In 2022, the Florida Legislature rushed to pass a series of discriminatory bills including the measures notoriously known as the “Don’t Say Gay Act,” the “Stop Woke Act,” and the “Parental Rights in Education” law. This series of legislation and the regulations that sought to implement the bills faced immediate and widespread legal challenges and in 2023, the Florida legislature approved HB 1069, a bill that sought to expand and concretize the legally problematic language of the previous legislation. Governor Ron DeSantis signed the bill in May and it took effect on July 1, 2023.
This bill, HB 1069, is far from legally defensible. Among other problematic provisions, the bill creates a system that discriminates against parents who oppose book bans and censorship. Specifically, if a book is challenged but the local school board decides to keep it on shelves, H.B. 1069 provides parents with a formal process to seek State review of that decision. However, if a book is challenged and then removed, parents who want to keep the book on shelves cannot seek State review of that removal. Parents who want to keep books on shelves, a viewpoint disfavored by the State, are excluded from the process altogether.
If a parent objects to a book that is used in their child’s school and the district school board retains it anyway, the law allows that parent to request the Commissioner of Education to appoint a special magistrate to review the local school district’s actions and make a recommendation to the State Board of Education about the dispute. The state review process, which must be paid for by the local school district, financially penalizes school districts for rejecting censorship – as a result, it incentivizes book removals. This review process is only available to parents who want to see materials removed, not to parents who want to push back in an effort to keep materials available to their children.

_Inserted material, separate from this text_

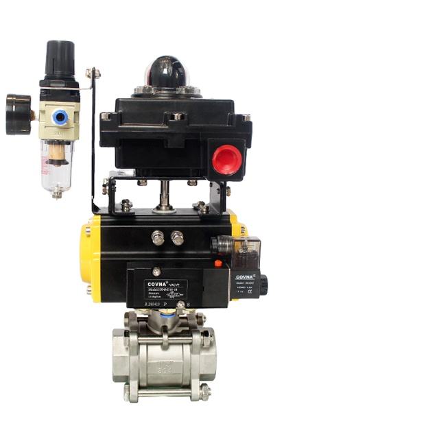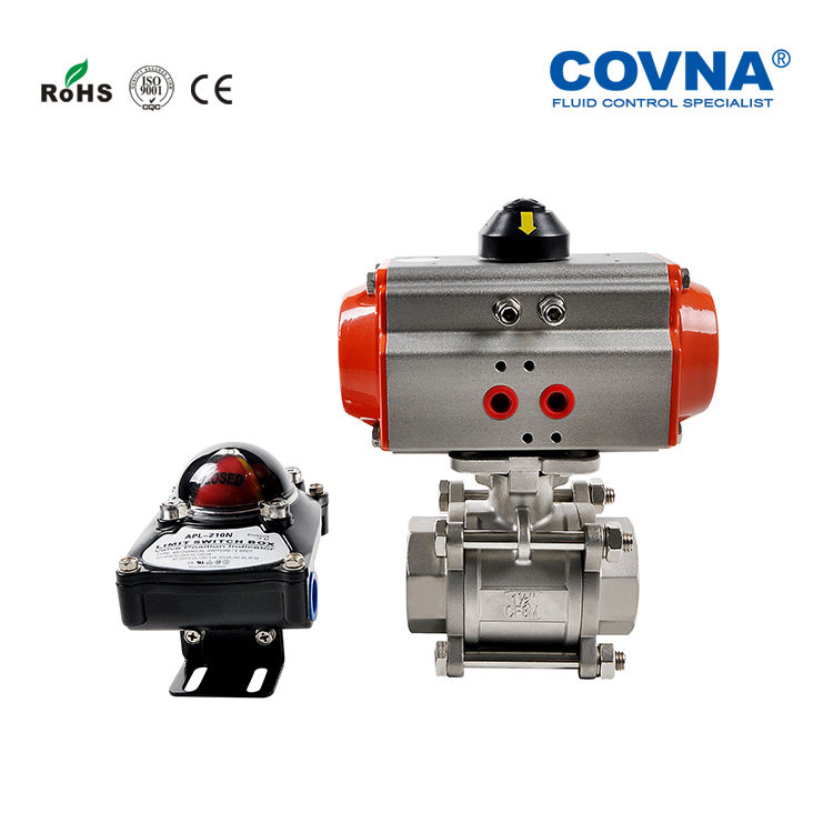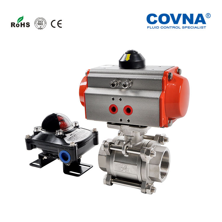วาล์วบอลแบบนิวเมติกสแตนเลส COVNA รุ่น PN10/16/64 สำหรับคำสั่งซื้อเร่งด่วน แบบสองทางและทางเดียว OEM ปรับแต่งได้ ทนอุณหภูมิสูง 1

This discrimination against parents who oppose book removals isn’t hypothetical – one of the plaintiffs in this case is the parent of students in Florida public schools who have asked for a review of their school board’s decisions to remove materials from local schools and who have been denied. One of the plaintiffs learned that another parent had requested that her children’s school district remove the book Shut Up! by Marilyn Reynolds, leading the district to remove it. The plaintiff requested a review of the decision and was denied because she held the state’s disfavored view.
This is a violation of the First Amendment, and on June 6, 2024 a parent who was prevented from accessing the process, along with other affected parents, filed a challenge to the law, seeking to stop the unfair and unconstitutional viewpoint discrimination.